▶ **Exercise input**

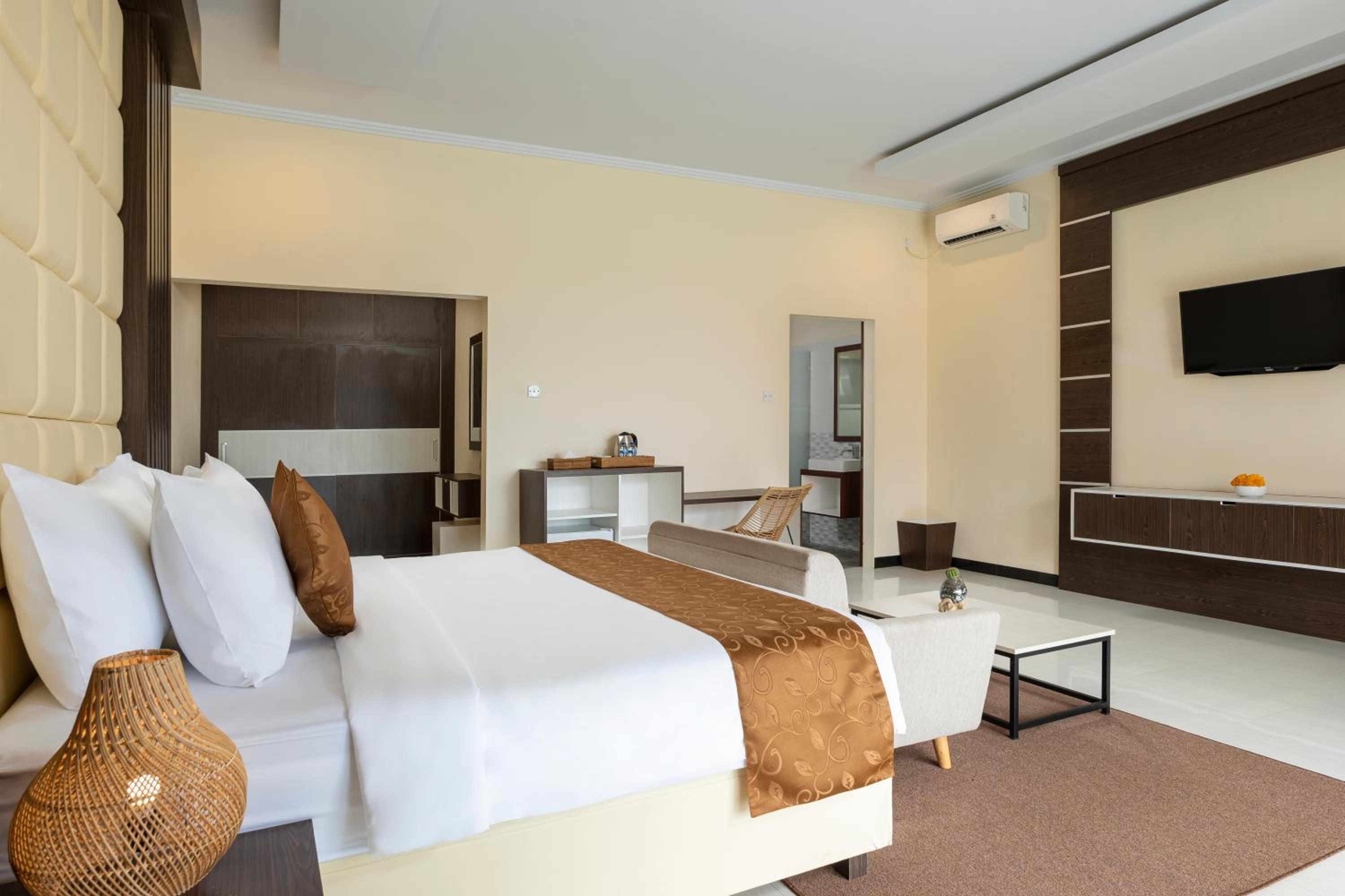 Luxurious Amenities: Guests can unwind in the infinity pool or indulge in delectable Asian cuisine at the on-site restaurant. The elegantly decorated suites feature modern comforts like air conditioning, flat-screen TVs, and private bathrooms.
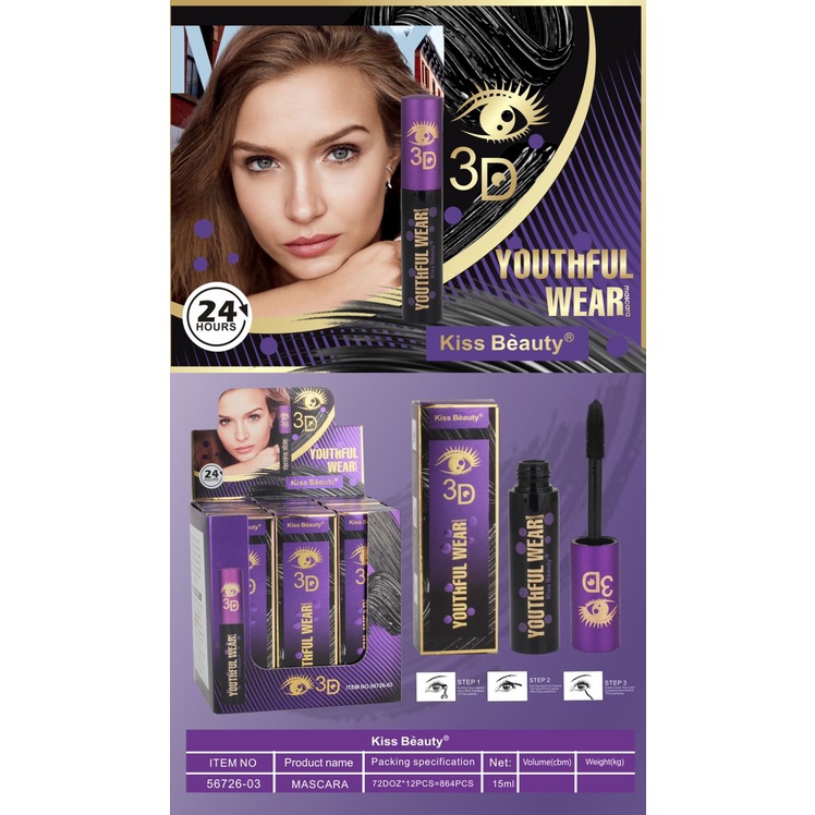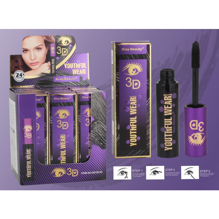 Kiss Beauty 3D Mascara – Youthful Wear (Black) (Lengthening | Volumizing | Smudge-Proof)
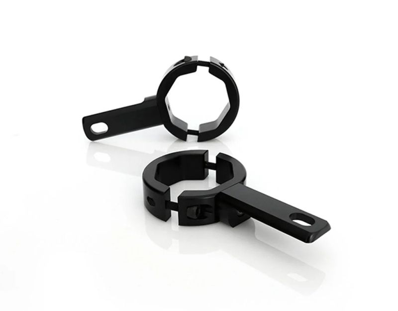 Този комплект за монтаж на фарове DENALI позволява монтаж на всеки комплект DENALI LED фарове към тръбите на предната вилката на мотоциклети или към всяка тръба с диаметър 39 мм - 49 мм (1,6-1,875 инча). Тези стойки за светлини имат уникален осмоъгълен вътрешен профил, който позволява на скобите здраво да захващат широк диапазон от и включват опционален, напълно въртяща се монтажна планка, за да се създаде супер универсално и здраво решение за монтаж на светлини.
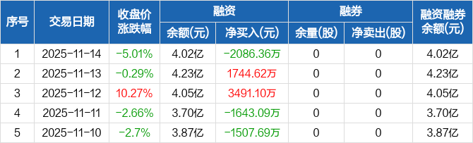 扬电科技:融资净偿还2086.36万元,融资余额4.02亿元(11-14)
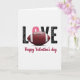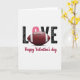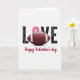 This design shows the word “LOVE” spread large across a white background, mixing Valentine romance with a football twist 🥰. The “L” and “E” are deep black with a worn, textured look that gives the letters extra character. The “V” pops in a rich pink, adding a sweet contrast that feels like a blush against the darker letters ❤️. In place of the “O,” a detailed red-brown football sits at the center, with white stripes and bright laces that make it look ready to be tossed. The sporty centerpiece paired with the pink letter creates a cute, affectionate balance, like two people bonding over the same game day tradition. Beneath the big word, the line “Happy Valentine’s day” appears in a flowing maroon script along the lower portion of the card. The football’s subtle shine and the crisp white space around everything make the colors and textures stand out clearly.
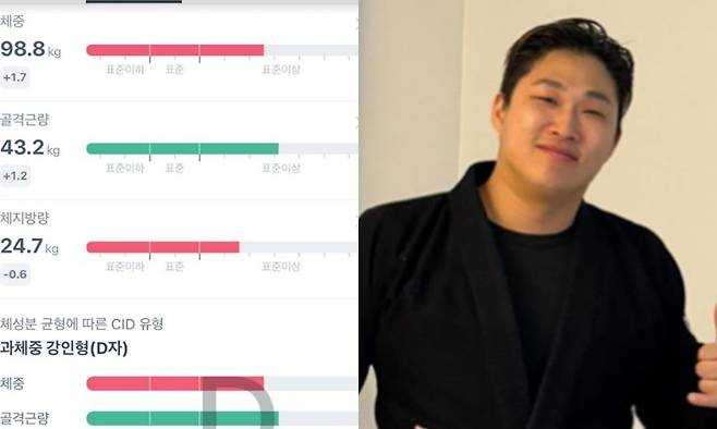 그가 공개한 자료에 따르면 스윙스의 골격근·지방분석을 한 결과 체중 98.8kg에 골격량 43.2kg, 체지방량 24.7kg으로 확인됐다. 또한 체지방률은 25%로 측정됐다.
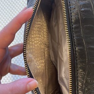 New, never carried. Still stuffed with original paper from factory. Lining is 100% polyester in Kate Spade lettering light tan color.
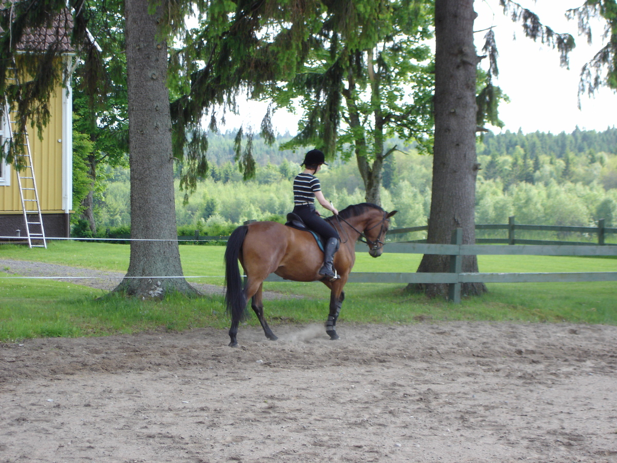 2015 12 26 Uppdatering. Mycket har hänt. Rasse är fortfarande en fantastisk häst. Men i takt med att jag förstår mera, så inser jag att han gått i sin konfortzon alldeles för länge. Vi har under hösten jobbat med rakriktningen i alla gångarter och att därmed bära vikt lika på alla(!) bakbenen. Inte alls så lätt som det låter. Men åter igen-det handlar mest om min rakriktning.
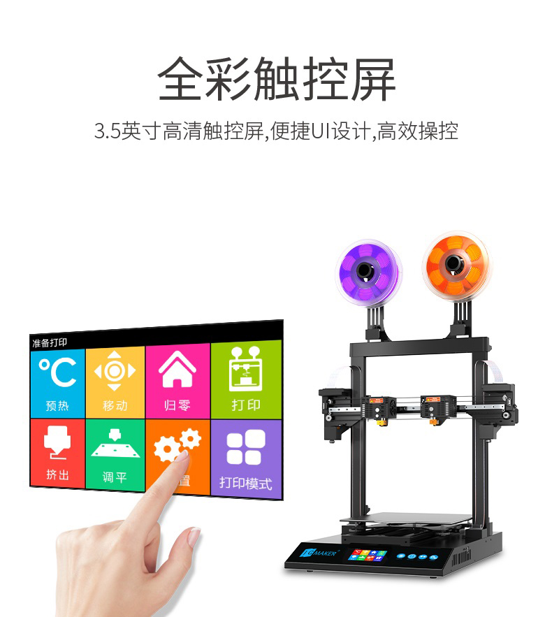 耗材傾向性:PLA/ABS/TPU/木質(zhì)等控制面板:全彩觸控屏

▶ **Task instructions**
Only an exact copy is needed: the lines from the opening of the listing through the line with "Kiss Beauty 3D", both included, minus the pictures.

▶ **Task result**
 Luxurious Amenities: Guests can unwind in the infinity pool or indulge in delectable Asian cuisine at the on-site restaurant. The elegantly decorated suites feature modern comforts like air conditioning, flat-screen TVs, and private bathrooms.
 Kiss Beauty 3D Mascara – Youthful Wear (Black) (Lengthening | Volumizing | Smudge-Proof)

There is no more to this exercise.